> [YOUR TASK]:
Among the lines of the listing below, retype exactly those from the one containing "Madeira MaciçaKit Com" through the one containing "Säcken und Päcken, in", both included. Do not include pictures.
┌─ RECORDS FOR THE TASK
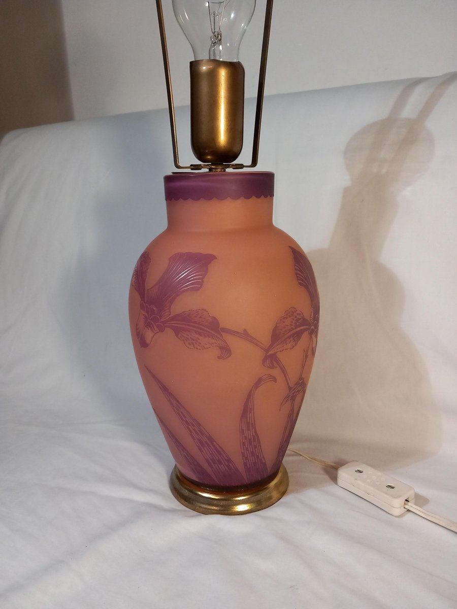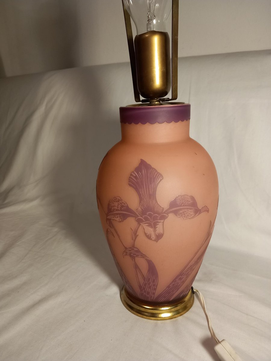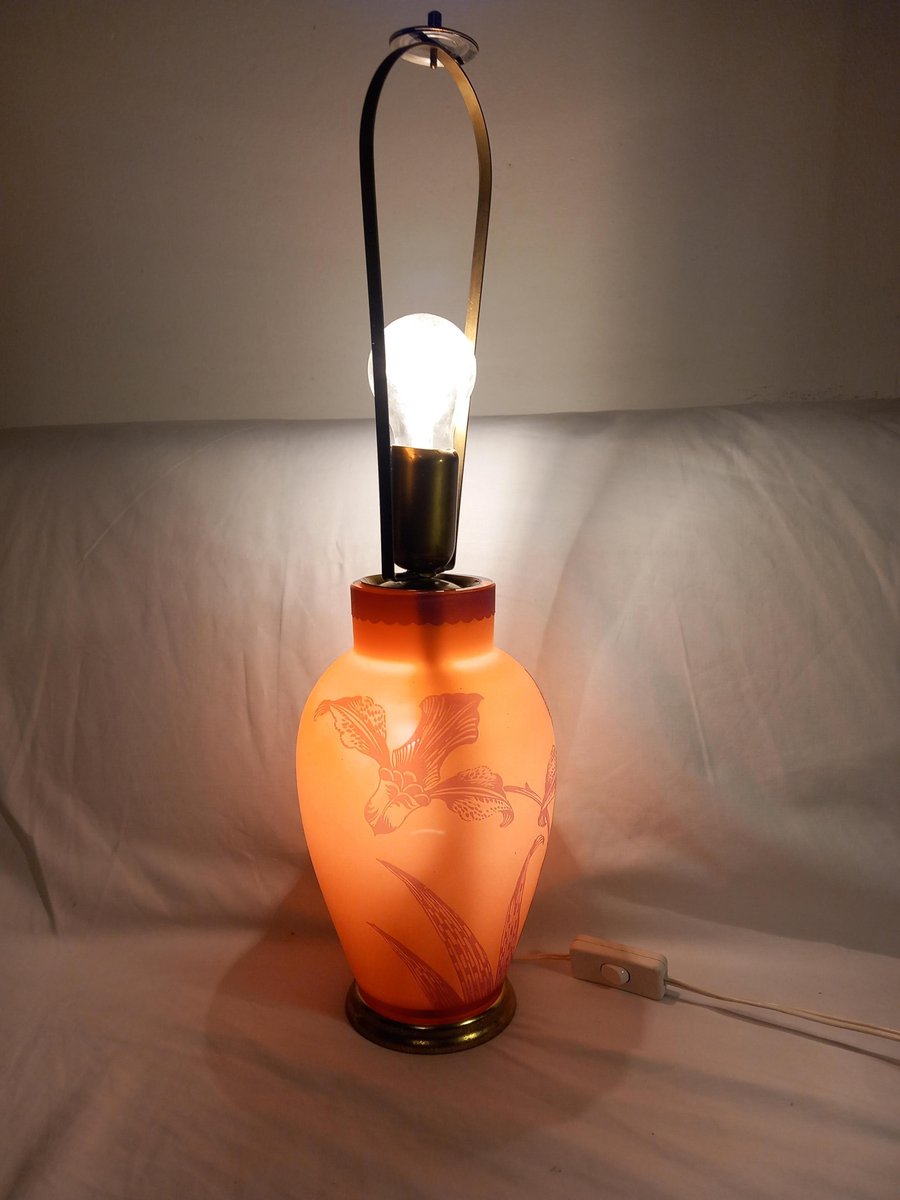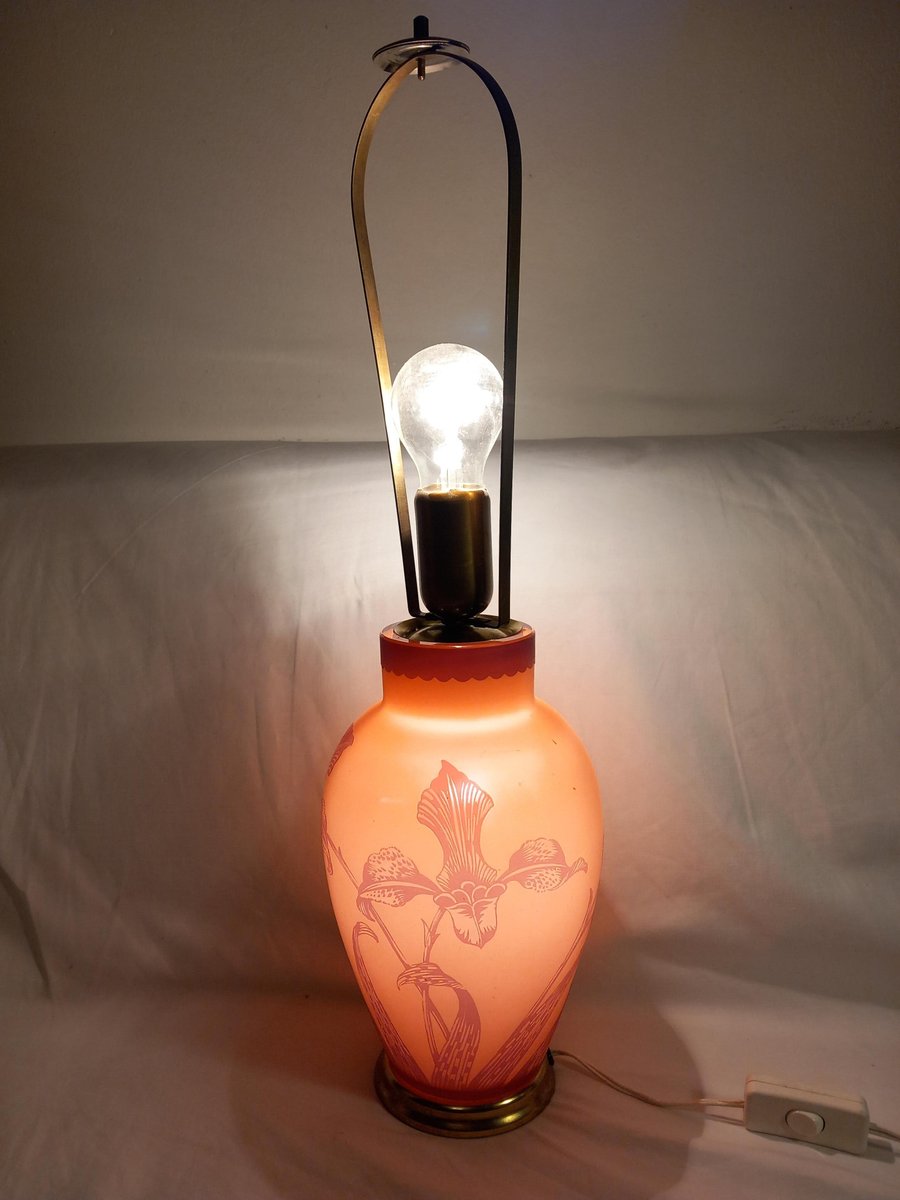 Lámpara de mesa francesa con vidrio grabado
└─
┌─ RECORDS FOR THE TASK
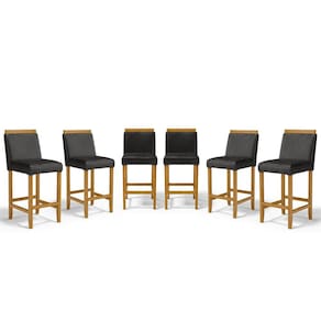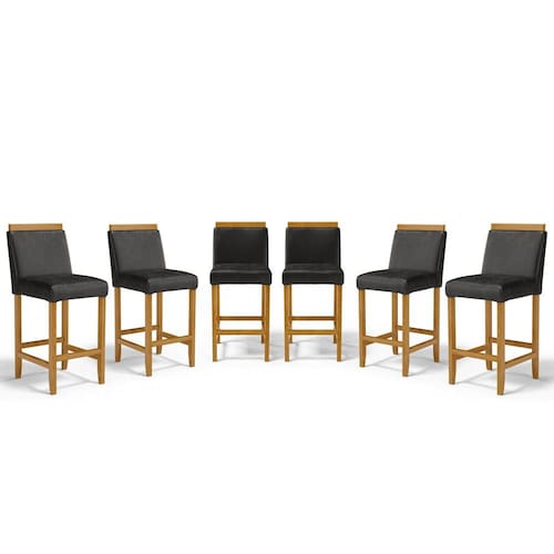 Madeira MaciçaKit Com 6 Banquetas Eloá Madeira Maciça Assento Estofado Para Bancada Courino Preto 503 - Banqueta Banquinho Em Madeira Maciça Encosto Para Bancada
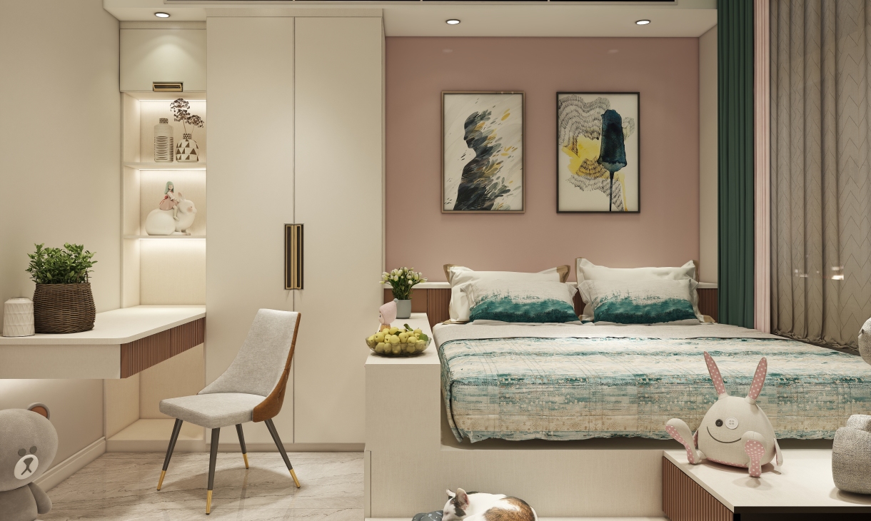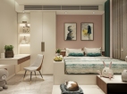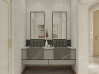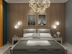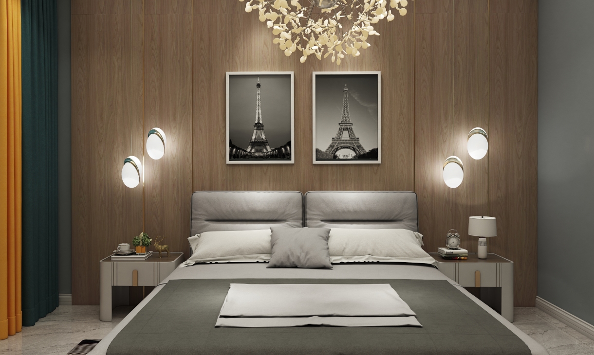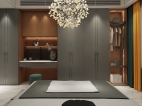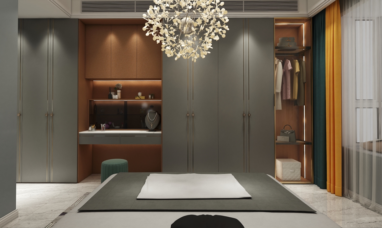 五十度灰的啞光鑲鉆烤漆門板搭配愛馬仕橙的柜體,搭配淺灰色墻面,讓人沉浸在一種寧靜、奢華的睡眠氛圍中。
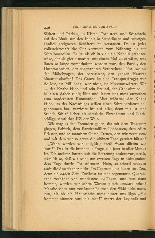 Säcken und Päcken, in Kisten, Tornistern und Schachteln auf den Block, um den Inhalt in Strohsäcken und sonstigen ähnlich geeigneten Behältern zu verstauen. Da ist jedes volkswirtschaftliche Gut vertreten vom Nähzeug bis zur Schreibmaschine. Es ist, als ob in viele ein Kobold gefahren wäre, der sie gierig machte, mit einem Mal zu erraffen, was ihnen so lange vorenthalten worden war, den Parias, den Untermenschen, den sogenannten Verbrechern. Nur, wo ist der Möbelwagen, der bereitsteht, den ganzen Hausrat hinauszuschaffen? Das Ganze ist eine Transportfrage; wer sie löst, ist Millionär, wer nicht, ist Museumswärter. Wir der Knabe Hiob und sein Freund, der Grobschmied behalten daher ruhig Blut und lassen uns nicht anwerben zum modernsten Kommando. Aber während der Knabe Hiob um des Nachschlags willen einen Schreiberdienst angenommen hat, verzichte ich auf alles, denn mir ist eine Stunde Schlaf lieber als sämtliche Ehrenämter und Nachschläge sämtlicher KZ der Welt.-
└─
> [RESULT OF THE TASK]:
 Madeira MaciçaKit Com 6 Banquetas Eloá Madeira Maciça Assento Estofado Para Bancada Courino Preto 503 - Banqueta Banquinho Em Madeira Maciça Encosto Para Bancada
 五十度灰的啞光鑲鉆烤漆門板搭配愛馬仕橙的柜體,搭配淺灰色墻面,讓人沉浸在一種寧靜、奢華的睡眠氛圍中。
 Säcken und Päcken, in Kisten, Tornistern und Schachteln auf den Block, um den Inhalt in Strohsäcken und sonstigen ähnlich geeigneten Behältern zu verstauen. Da ist jedes volkswirtschaftliche Gut vertreten vom Nähzeug bis zur Schreibmaschine. Es ist, als ob in viele ein Kobold gefahren wäre, der sie gierig machte, mit einem Mal zu erraffen, was ihnen so lange vorenthalten worden war, den Parias, den Untermenschen, den sogenannten Verbrechern. Nur, wo ist der Möbelwagen, der bereitsteht, den ganzen Hausrat hinauszuschaffen? Das Ganze ist eine Transportfrage; wer sie löst, ist Millionär, wer nicht, ist Museumswärter. Wir der Knabe Hiob und sein Freund, der Grobschmied behalten daher ruhig Blut und lassen uns nicht anwerben zum modernsten Kommando. Aber während der Knabe Hiob um des Nachschlags willen einen Schreiberdienst angenommen hat, verzichte ich auf alles, denn mir ist eine Stunde Schlaf lieber als sämtliche Ehrenämter und Nachschläge sämtlicher KZ der Welt.-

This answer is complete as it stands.